Quasi Cosine Similarity Metric Learning

It is vital to select an appropriate distance metric for many learning algorithm. Cosine distance is an efficient metric for measuring the similarity of descriptors in classification task. However, the cosine similarity metric learning (CSML) [3] is not widely used due to the complexity of its formulation and time consuming. In this paper, a Quasi Cosine Similarity Metric Learning (QCSML) is proposed to make it easy. The normalization and Lagrange multipliers are employed to convert cosine distance into simple formulation, which is convex and its derivation is easy to calculate.

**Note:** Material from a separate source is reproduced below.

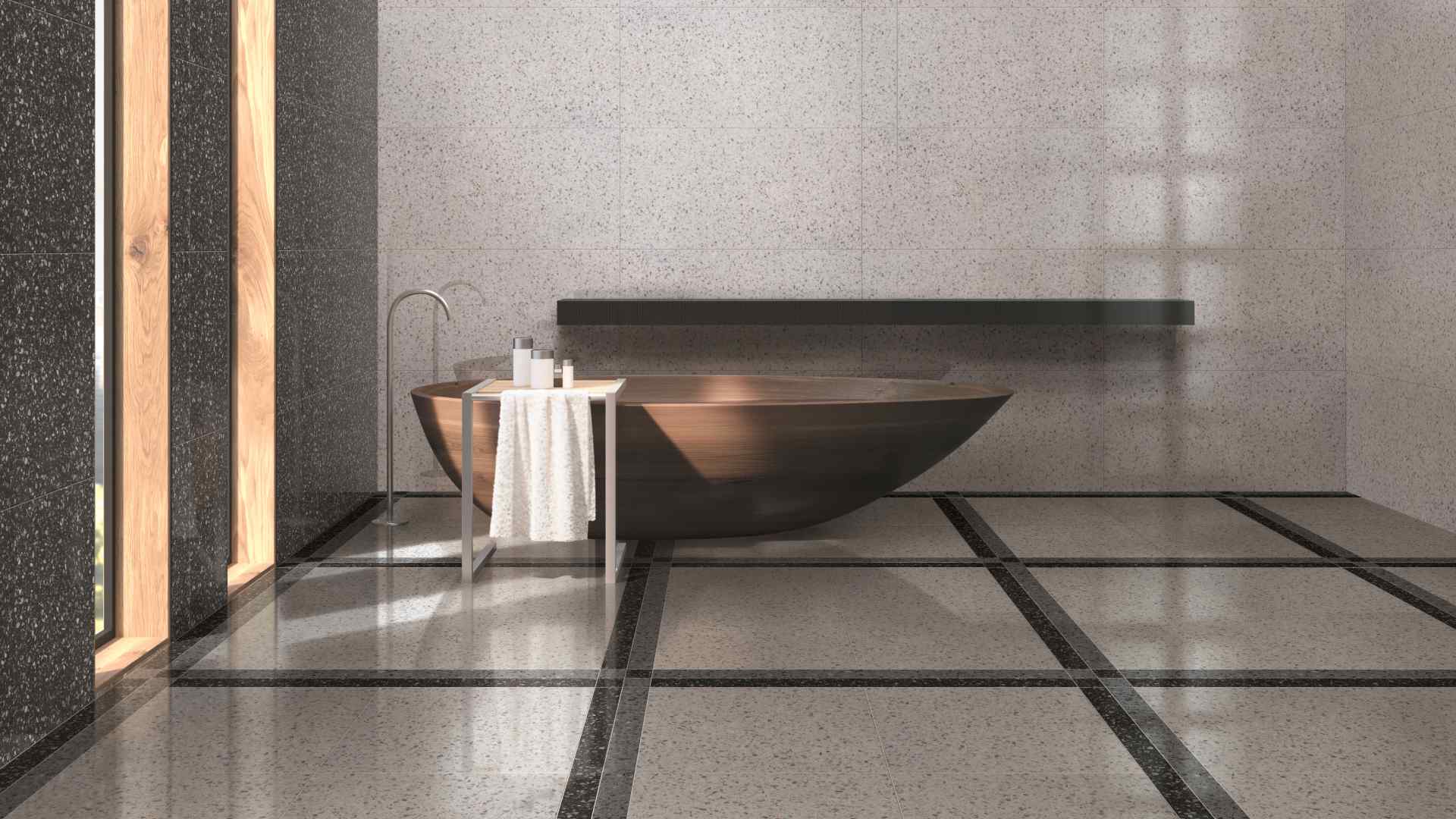 Venezia describes a vivid and elegant chromatic universe, with the sophisticated variations in the grain tone, that is typical of Venetian terrazzo. The proposal in eight different colourings, to which the original Palladio version is added, in the new 60×120 and 60×60 cm large sizes and with two natural and LUX surface finishes, multiplies the expressive potential at the service of interior design, to be used freely for the floor and walls to embellish classic architectures as well as to design decidedly contemporary spaces.
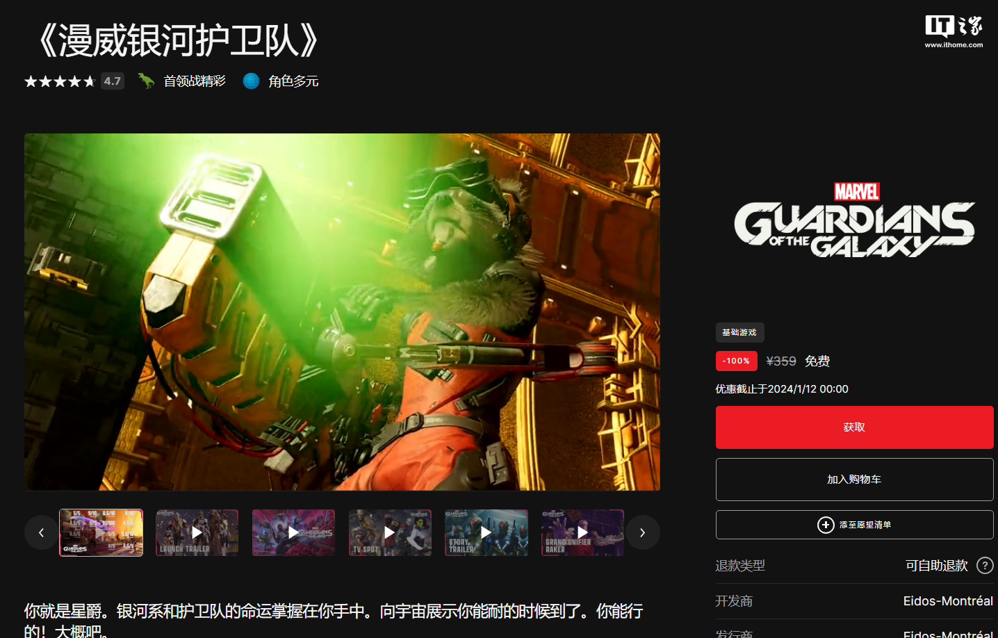 1 月 4 日 信息,Epic 游戏商店正在进行“连送模式”,最终一款游戏现已揭晓 ——《漫威银河护卫队》,原价 359 元, 支撑中文,截至 1 月 12 日 。

The complexity of the QCSML algorithm is O(\(t\times p\times d\)) (The parameters \(t\), \(p\), \(d\) represent the number of iterations, the dimensionality of descriptors and the compressed features.), while the complexity of CSML is O(\(r\times b\times g\times s\times d\times m\)) (From the paper [3], \(r\) is the number of iterations used to optimize the projection matrix, \(b\) is the number of values tested in cross validation process, \(g\) is the number of steps in the Conjugate Gradient method, \(s\) is the number of training data, \(d\) and \(m\) are the dimensions of projection matrix.). The experimental results of our method on UCI datasets for classification task and LFW dataset for face verification problem are better than the state-of-the-art methods. For classification task, the proposed approach is employed on Iris, Ionosphere and Wine dataset and the classification accuracy and the time consuming are much better than the compared methods. Moreover, our approach obtains \(92.33\,\%\) accuracy for face verification on unrestricted setting of LFW dataset, which outperforms the state-of-the-art algorithms.